В нашей кантонистской жизни инспекторский смотр чрезвычайным событием, серьезным экзаменом, перед которым мы все трепетали. Я был исправен во всех отношениях, и бояться экзамена мне было нечего, и все же я испытывал тревогу и очень усердно готовился.

И вот настало девятое мая, день страшного суда… Приехал инспектор граф Никитин.

Пропустив нас церемониальным маршем, он поздравил с праздником и об’явил, что смотр будет завтра. Затем он поехал к нам в школу, и в его присутствии нас должны были экзаменовать по наукам. Я был уверен, что меня, как хорошего ученика, непременно вызовут, и очень волновался.

Случилось как раз так, как я ожидал: меня вызвали к доске.

— А ну-ка, сынок, — обратился ко мне Никитин, — покажи нам, что ты можешь… — Он ласково смотрел на меня старческим усталым взглядом.

— Что прикажете, ваше сиятельство? — спросил я.

— А… дайте-ка мне задачник арифметики, — сказал он.

Стоявший тут же на вытяжку полковник, огромного размера человек с большой седой бородой, повернулся с легкостью юноши, щелкнул шпорами и подал задачник.

Никитин выбрал задачу и холеным пальцем указал:

— Вот, эту. На-ка.

Я прочел отчетливо вслух задачу и стал ее решать.

Взоры всех были обращены на меня. Полковой и эскадронный знали, что они не будут после оставлены без внимания. Очень важно было это и для учителя арифметики Степана Федорыча, который еще больше моего волновался.

К слову сказать, этот Степан Федорыч стал совершенно другим после того, как кантонисты хотели бросить его в реку. Он точно переродился, стал справедливым и добрым. Вначале мы не верили ему, думали, что он прикидывается. Но потом убедились, что он действительно изменился. Пережитая им сильная душевная встряска сделала его человеком…

Никитин стоял позади меня и следил за решением задачи. Я рассуждал вслух. Он заметил, что я твердо знаю предмет. Это ему очень понравилось.

— Видите, — говорил он одному из своей свиты тихо, — какой молодец. Как твердо знает. Сам самостоятельно решает… Такими детьми я восхищаюсь… Это будущность нашего государства… Тот не солдат, который не думает быть генералом. А этот, я знаю наверняка, будет генералом…

Я окончил задачу и положил мел.

— Ну что, решил? — спросил он с улыбкой. — И верно по ответу?

— Так точно, ваше сиятельство, я проверил.

— Вижу, вижу, что ты молодец, — умильно сказал он и с нежностью погладил меня по голове; потом обнял и поцеловал в лоб… — Господин полковник, можете гордиться, что у вас в полку такие дети… Даровитый мальчик.

— Я, ваше сиятельство, счастлив доставить вам удовольствие такими кантонистами и стараюсь, чтобы все были такими, — сказал полковник.

— И вам, господин ротмистр, честь и слава, что в вашем эскадроне такой кантонист.

— Рад стараться вася-со! — точно топором отрубил эскадронный, покраснев как рак и напружившись.

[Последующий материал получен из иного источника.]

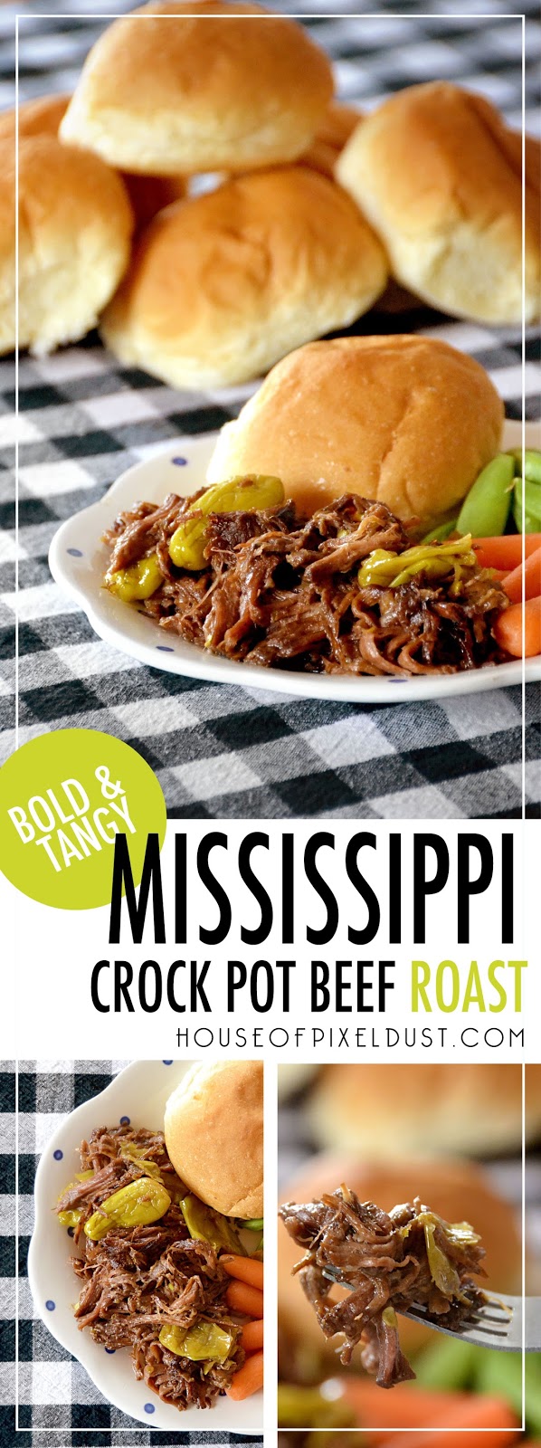 This Bold & Tangy Mississippi Roast is a recipe from my lovely Mother in-law’s cookbook she gave us a few years back, its one of our favorite Christmas presents ever with many of my husbands childhood favorites in it. The Pepperoncini (banana peppers) are what give this post roast its unique bold new flavor and we just love to make this version of Pot Roast for special occasions and parties. Its always a crowd pleaser and super simple to make in the crock pot.

Это было существо неуклюжее, топорное, с обрюзгшим толстым лицом, большими рачьими глазами, без бровей и почти без лба и с пучком точно ежовых колючек на верхней толстой губе вместо усов… После того, как Дьяков отхлестал его, он, как ни в чем не бывало, стал аккуратно являться в эскадрон каждый день…

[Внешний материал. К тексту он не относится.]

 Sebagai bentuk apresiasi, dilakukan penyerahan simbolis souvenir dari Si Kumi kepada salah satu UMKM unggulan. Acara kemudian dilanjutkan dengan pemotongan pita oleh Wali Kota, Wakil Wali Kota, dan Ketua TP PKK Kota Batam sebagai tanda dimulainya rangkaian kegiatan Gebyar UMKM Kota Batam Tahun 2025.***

— Жалую тебя унтер-офицером, — сказал Никитин, положив мне руку на плечо. — Будешь готовиться в офицеры…

— Ва-ся-со!.. — напружился эскадронный, — он — жид.

На лице Никитина появилось такое выражение, точно ему наступили на ногу:

— Что такое?.. — презрительно и смущенно спросил он.

— Он — жид, — повторил эскадронный.

— Что такое жид? Не понимаю… — с тем же выражением недовольства произнес Никитин.

— Он иудейского вероисповедания, ваше сиятельство, — пояснил полковник.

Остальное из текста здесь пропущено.